(Data to process Opens)

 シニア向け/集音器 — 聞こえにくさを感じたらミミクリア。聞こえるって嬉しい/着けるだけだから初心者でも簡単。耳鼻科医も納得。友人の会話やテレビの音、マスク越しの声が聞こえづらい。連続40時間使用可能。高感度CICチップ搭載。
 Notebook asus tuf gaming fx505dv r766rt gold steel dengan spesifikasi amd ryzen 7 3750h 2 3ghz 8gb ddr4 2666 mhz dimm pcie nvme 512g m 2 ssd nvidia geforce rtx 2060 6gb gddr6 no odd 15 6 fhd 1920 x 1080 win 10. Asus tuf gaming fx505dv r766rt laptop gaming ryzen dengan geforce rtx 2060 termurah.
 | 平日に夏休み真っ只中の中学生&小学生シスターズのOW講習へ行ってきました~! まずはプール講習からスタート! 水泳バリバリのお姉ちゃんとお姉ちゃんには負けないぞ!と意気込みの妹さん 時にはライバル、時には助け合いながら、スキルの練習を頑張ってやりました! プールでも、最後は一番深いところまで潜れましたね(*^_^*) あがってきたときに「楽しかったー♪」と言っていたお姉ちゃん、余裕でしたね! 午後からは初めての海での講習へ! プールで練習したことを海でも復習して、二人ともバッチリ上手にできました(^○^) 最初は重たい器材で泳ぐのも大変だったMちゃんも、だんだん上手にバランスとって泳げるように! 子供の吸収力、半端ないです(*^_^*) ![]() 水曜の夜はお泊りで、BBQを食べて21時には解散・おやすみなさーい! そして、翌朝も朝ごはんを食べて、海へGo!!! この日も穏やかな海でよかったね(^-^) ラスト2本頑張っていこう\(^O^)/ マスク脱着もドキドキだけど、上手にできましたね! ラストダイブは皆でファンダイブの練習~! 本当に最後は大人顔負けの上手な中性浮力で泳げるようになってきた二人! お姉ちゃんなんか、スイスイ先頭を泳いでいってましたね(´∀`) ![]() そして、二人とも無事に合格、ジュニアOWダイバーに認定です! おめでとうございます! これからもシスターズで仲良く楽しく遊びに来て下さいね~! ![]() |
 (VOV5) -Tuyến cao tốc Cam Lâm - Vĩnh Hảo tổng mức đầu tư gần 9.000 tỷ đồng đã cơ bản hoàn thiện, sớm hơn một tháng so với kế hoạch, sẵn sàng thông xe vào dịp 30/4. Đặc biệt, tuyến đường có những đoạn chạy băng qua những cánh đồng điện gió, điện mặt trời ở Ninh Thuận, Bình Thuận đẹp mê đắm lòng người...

(Data to process Closes)
(Data to process Opens)

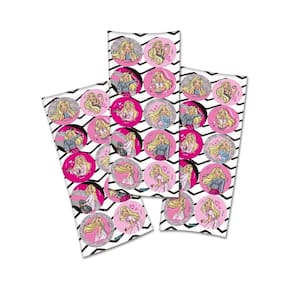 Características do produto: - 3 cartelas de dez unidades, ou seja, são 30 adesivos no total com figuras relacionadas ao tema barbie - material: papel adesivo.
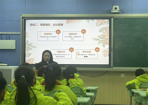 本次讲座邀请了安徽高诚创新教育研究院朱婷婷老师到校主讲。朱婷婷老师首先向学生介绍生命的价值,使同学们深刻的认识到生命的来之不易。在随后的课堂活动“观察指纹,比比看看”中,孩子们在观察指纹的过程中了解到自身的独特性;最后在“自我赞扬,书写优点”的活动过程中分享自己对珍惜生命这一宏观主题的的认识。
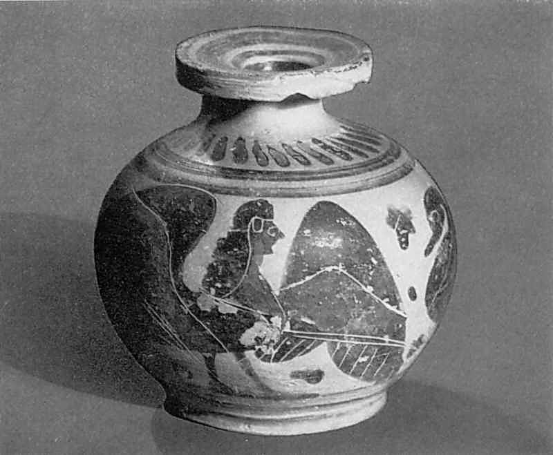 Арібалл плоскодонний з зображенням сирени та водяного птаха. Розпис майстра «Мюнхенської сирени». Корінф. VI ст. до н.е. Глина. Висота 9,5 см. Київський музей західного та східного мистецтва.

(Data to process Closes)

Work instruction:
Only one stretch of the data is wanted: write out exactly the lines from the one holding "Características do produto: - 3" through the one holding "Арібалл плоскодонний з", both included, without the pictures.

Exercise response:
 Características do produto: - 3 cartelas de dez unidades, ou seja, são 30 adesivos no total com figuras relacionadas ao tema barbie - material: papel adesivo.
 本次讲座邀请了安徽高诚创新教育研究院朱婷婷老师到校主讲。朱婷婷老师首先向学生介绍生命的价值,使同学们深刻的认识到生命的来之不易。在随后的课堂活动“观察指纹,比比看看”中,孩子们在观察指纹的过程中了解到自身的独特性;最后在“自我赞扬,书写优点”的活动过程中分享自己对珍惜生命这一宏观主题的的认识。
 Арібалл плоскодонний з зображенням сирени та водяного птаха. Розпис майстра «Мюнхенської сирени». Корінф. VI ст. до н.е. Глина. Висота 9,5 см. Київський музей західного та східного мистецтва.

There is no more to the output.